Why are you trying to deal with closed-loop poles? Nyquist is strictly an open-loop stability criterion. G(s) is the open-loop transfer function.jaus tail said:
Nyquist criteria says encirclement of -1 + j0 is number of open loop poles - series of characteristic equation.rude man said:
What do you mean by "series of characteristic equation"?jaus tail said:
OK. I have to admit I don't know on what basis the solution to ex. 39 is given.jaus tail said:
Nyquist Criteria Stability is a mathematical concept used to analyze the stability of a system. It is based on the Nyquist plot, which represents the frequency response of a system in the complex plane. This criteria is commonly used in control systems engineering to determine if a system is stable or not.
Nyquist Criteria Stability works by plotting the transfer function of a system in the complex plane and analyzing the shape and behavior of the Nyquist plot.
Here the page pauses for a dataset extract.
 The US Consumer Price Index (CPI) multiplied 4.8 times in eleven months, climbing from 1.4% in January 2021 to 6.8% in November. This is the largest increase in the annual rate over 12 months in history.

It takes into account both the magnitude and phase response of a system to determine its stability.
A Nyquist plot can tell us if a system is stable, marginally stable, or unstable. A stable system will have all of its poles located in the left half of the complex plane, while an unstable system will have at least one pole located in the right half. A marginally stable system will have a pole located on the imaginary axis.
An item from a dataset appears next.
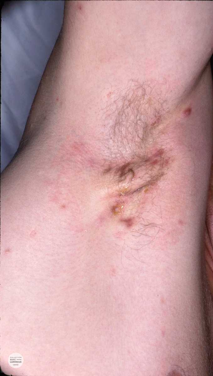 - One of the main etiological theories is that the disease begins with an obstruction of the hair follicles in areas rich in apocrine sweat glands (armpits, groin, buttocks, under the breasts). This obstruction causes the follicles to rupture, causing an inflammatory reaction and the formation of nodules and abscesses.

Nyquist Criteria Stability is commonly used in the design and analysis of control systems, such as in aircraft autopilot systems, industrial robots, and electronic circuits. It allows engineers to predict the stability of a system before it is implemented, and make adjustments to improve its stability if necessary.
Yes, there are some limitations to Nyquist Criteria Stability. It assumes a linear and time-invariant system, and may not be applicable to systems with nonlinear or time-varying characteristics. It also does not take into account external disturbances or uncertainties in the system, which can affect its stability.